Privacy Policy

Last updated: 2026-03-31

This service is operated by Marton Lasetzky, acting as an individual under the commercial name Compath App (“we”, “us”, “our”).

For the purposes of this Privacy Policy:

• Each client clinic or business using the service is the Data Controller (“Client” or “Clinic”).
• Compath App acts as a Data Processor, processing data strictly on behalf of and under the documented instructions of the Client.

This Privacy Policy explains how we process personal data within the scope of the Compath App platform.

In plain language: Compath App is a data analytics and communication platform for clinics. We process personal data only on behalf of our clients and do not determine how or why personal data is used. Your clinic (the Client) controls the data; we simply provide the tools.

If you are a patient or end user: This Privacy Policy describes how Compath App processes data on behalf of clinics. If you have questions about your personal data, or wish to exercise your rights under GDPR (access, rectification, erasure, etc.), please contact the clinic or business that collected your data directly. If you are unsure who the relevant Data Controller is, you may contact us at marton.lasetzky@compath.hu and we will assist in identifying and connecting you with the appropriate clinic.

1. Roles and Responsibilities

1.1 Data Controller

The Client determines:

• the purposes of processing,
• the lawful basis under GDPR (including Article 6 and Article 9 where applicable),
• and is responsible for informing data subjects and obtaining any required consent.

Legal basis for processing is determined solely by the Client as Data Controller.

1.2 Data Processor

Compath App:

• acts solely on behalf of the Client,
• processes data only to deliver the contracted services,
• does not use personal data for its own purposes,
• does not sell personal data.

We do not obtain consent directly from data subjects; where consent is required, it is the responsibility of the Client as Data Controller.

1.3 Processor Obligations (Article 28 GDPR)

In compliance with Article 28 of the GDPR, Compath App:

• Processes personal data only on documented instructions from the Client (as defined in the Data Processing Agreement, Terms of Service, and through the Client's use and configuration of the Service)
• Ensures that persons authorised to process personal data are committed to confidentiality
• Implements appropriate technical and organisational measures to ensure security (Article 32)
• Assists the Client in responding to data subject rights requests
• Assists the Client in ensuring compliance with security obligations, breach notifications, and Data Protection Impact Assessments (DPIAs)
• Deletes or returns all personal data to the Client after termination of services, unless retention is required by law
• Makes available to the Client all information necessary to demonstrate compliance and allows for audits or provides audit evidence upon reasonable request

2. Categories of Data We Process

We process only data that the Client provides or authorises us to access through the following methods:

• File uploads: CSV and XML files uploaded by the Client
• API integrations: Google Calendar, Google Ads (when connected and authorized)
• Web tracking: Google Tag Manager events from clinic websites
• Webhooks: Phone call tracking events from telephony providers

2.1 Patient & Client Data

Collected through CSV/XML file uploads, calendar integrations, and web tracking:

• Name
• Email address
• Phone number
• Internal patient or client identifiers

2.2 Treatment & Medical Service Data

• Treatment or service types (e.g. dental procedures)
• Treatment dates and durations
• Associated pricing
• Treatment schedules and plans

Important: Some data processed may qualify as special category personal data (health data) under Article 9 GDPR, depending on the Client's use of the platform. The Client is responsible for establishing a valid Article 9 legal basis where applicable.

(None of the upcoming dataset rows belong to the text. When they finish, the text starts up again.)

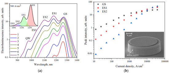 At the highest injection currents, still another excited-state optical transition (ES3) manifests itself as a weakly pronounced change in the slope of the spectral curve near 1025 nm. In addition, the emission band, which is attributed to the radiative electron-hole recombination in the covering InGaAs quantum well, is observed close to the wavelength of 985 nm. The intensities of the optical transition peaks are presented in Figure 1b as a function of the injection current. One can see that at, low injection currents, the ground-state luminescence band dominates in the emission spectrum. The current increase leads to the almost consistent emergence of the emission bands associated with the excited-state optical transitions. Starting from approximately 1 kA/cm2 injection current density, the saturation of the GS emission band intensity becomes apparent, which can be explained by nearly full occupation of the ground-state level with charge carriers. Further, the intensity of the emission bands associated with several excited-state optical transitions continue growing almost linearly with the current density, because of incomplete population of those excited-states levels having higher degeneracy factors compared to the ground-state one. Starting from 5 kA/cm2, the intensity of the ES1 band exceeds that of the GS band. At 20 kA/cm2, the ES2 emission peak becomes dominant. The observed evolution of the spontaneous emission of quantum dots with the pumping power was also observed by other research groups [31,32].
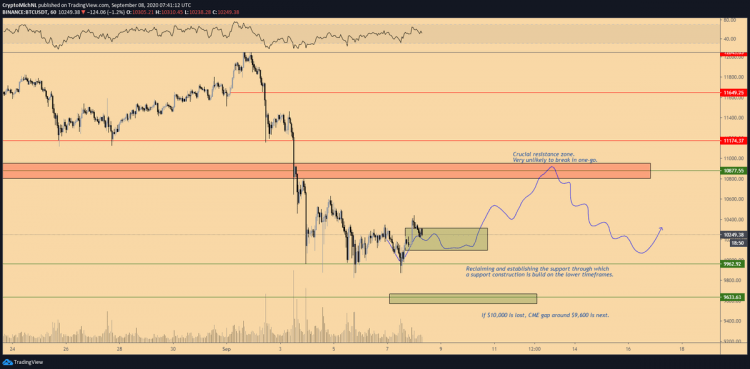 В настоящее время аналитики расходятся во мнениях относительно того, какой будет следующий тренд BTC, поскольку продолжение защиты в размере 10 000 долларов будет оптимистичным, тогда как устойчивое падение ниже этого уровня будет мрачным знаком для его среднесрочной перспективы.
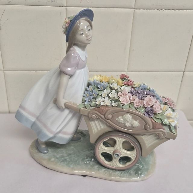 Detalles del productoFigura de porcelana Lladró que representa a una niña empujando un carro lleno de flores.

2.3 Appointment & Booking Data

• Appointment dates and times
• Booking status (scheduled, completed, cancelled)
• Booking identifiers
• Linked patient identifiers

2.4 Payment & Financial Data

• Payment amounts and dates
• Revenue data linked to treatments or appointments
• Aggregated financial inflow and outflow data from Client bank accounts

Note: Financial data is used exclusively for analytics and reporting purposes and is accessible only to authorised Client roles as configured by the Client.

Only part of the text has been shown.